■ Assigned task ■
Retype word for word the stretch of entries below from the line that has "- 이미지, 소리, 또는" through the line that has "2023年度湖南省卫生系列高", and omit the pictures.
*** Records supplied ***
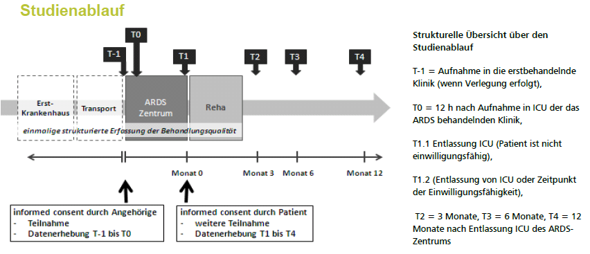 Das Protokoll der DACAPO-Studie bildet insbesondere den Studienablauf ab und gibt Antwort auf die Frage wann welche Daten erhoben werden. Im Verlauf der Studie werden Patientendaten (sozio-ökonomischer Status, klinische Parameter, psychosoziale Charakteristika) und Merkmale zur Versorgungsqualität (erstversorgendes Krankenhaus, Interhospitaltransport, ARDS-Zentrum, stationäre Rehabilitation) gesammelt und ermittelt.
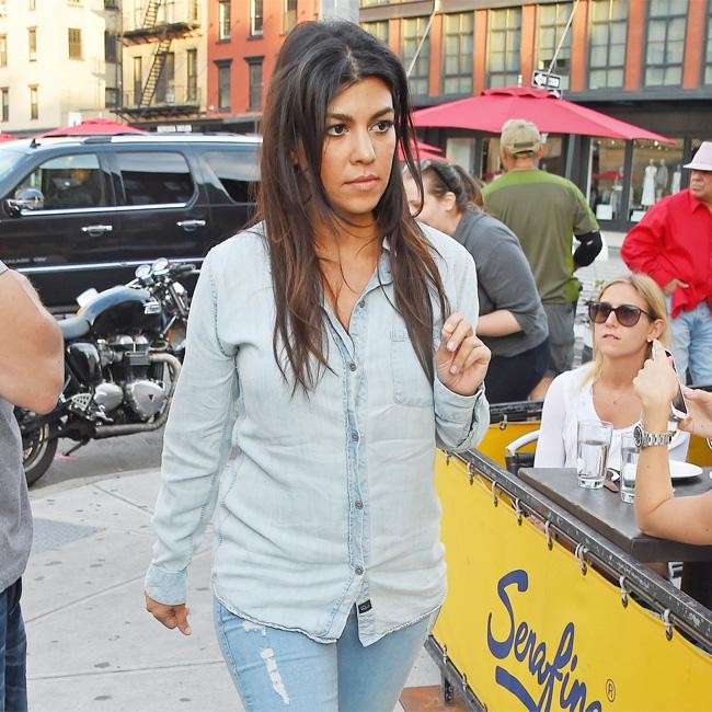 Kourtney Kardashian teamed a denim shirt with ripped jeans for a lunch date with her sister Kim at Serafina restaurant in New York.
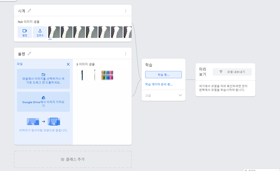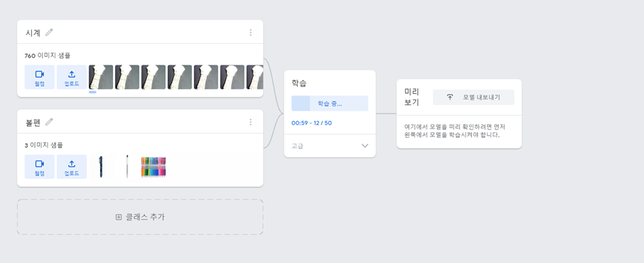 - 이미지, 소리, 또는 포즈 인식용 모델을 직접 브라우저에서 바로 학습시키고 사용 가능
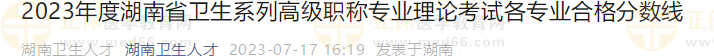 2023年度湖南省卫生系列高级职称专业理论考试成绩已开放查询,现将各专业合格分数线公布如下:
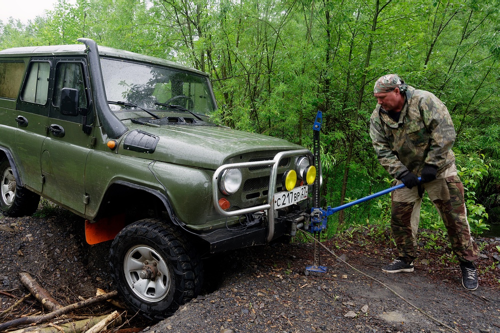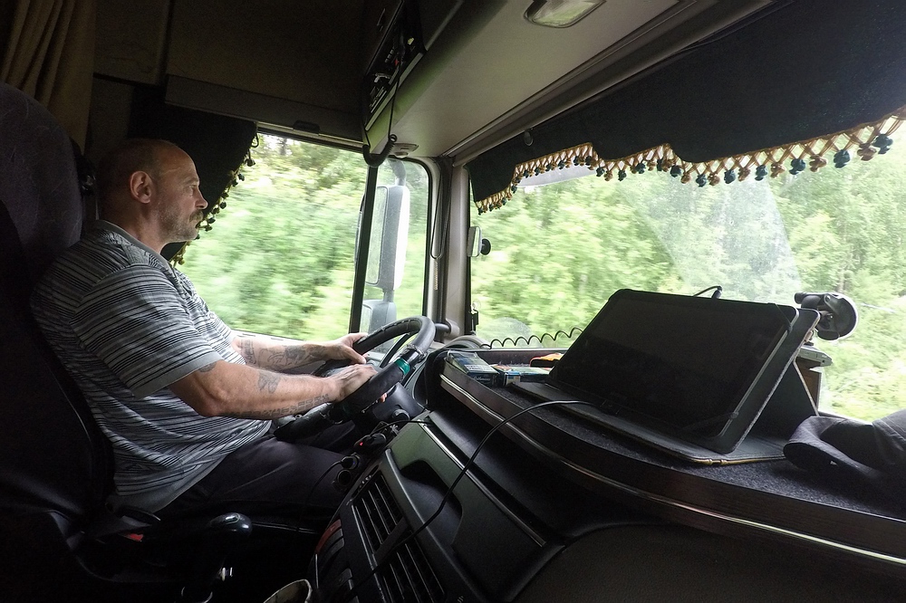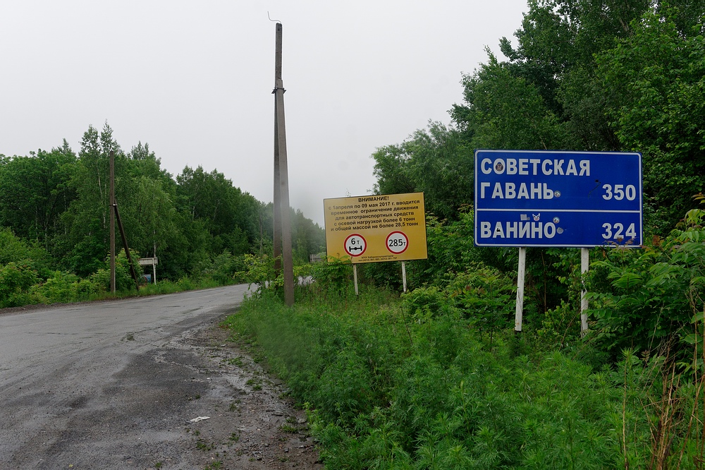 | Ich entscheide mich für Autostopp und schwenke den kaputten Reifen bei jedem passierenden Fahrzeug. Schon das zweite bleibt stehen, es handelt sich um einen schweren LKW. Aus dem Fenster blickt ein freundlicher Fernfahrer, der aus Smolensk stammt, im europäischen Teil Russlands nahe der weißrussischen Grenze. Gemessen an der Distanz bis hierher also von „fast zuhause“. Er ist mit einer Ladung Stahlträgern von St. Petersburg aus zur Insel Sachalin unterwegs, zurück wird er ohne Ladung fahren. Unterwegs wurde er von einem österreichischen Schwarzfischer mit einem Platten per Autostopp angehalten. Schon seltsam, was die Globalisierung so mit sich bringt. |
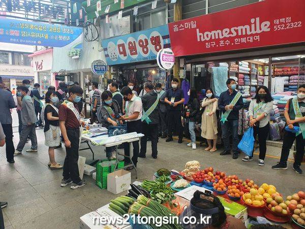 이들은 황지자유시장에서 지역경제 살리기 캠페인 및 전통시장 장보기 행사를 진행한 뒤 관내 식당에 들러 각자 내기 오찬을 하며 태백시 지역경제 활성화에 힘을 보탰다.
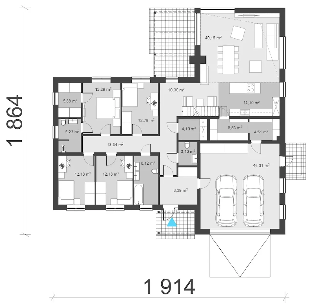 13. Pokój dzienny + jadalnia | 40,19 m² |
*** End of Records supplied ***
■ Exercise output ■
 - 이미지, 소리, 또는 포즈 인식용 모델을 직접 브라우저에서 바로 학습시키고 사용 가능
 2023年度湖南省卫生系列高级职称专业理论考试成绩已开放查询,现将各专业合格分数线公布如下:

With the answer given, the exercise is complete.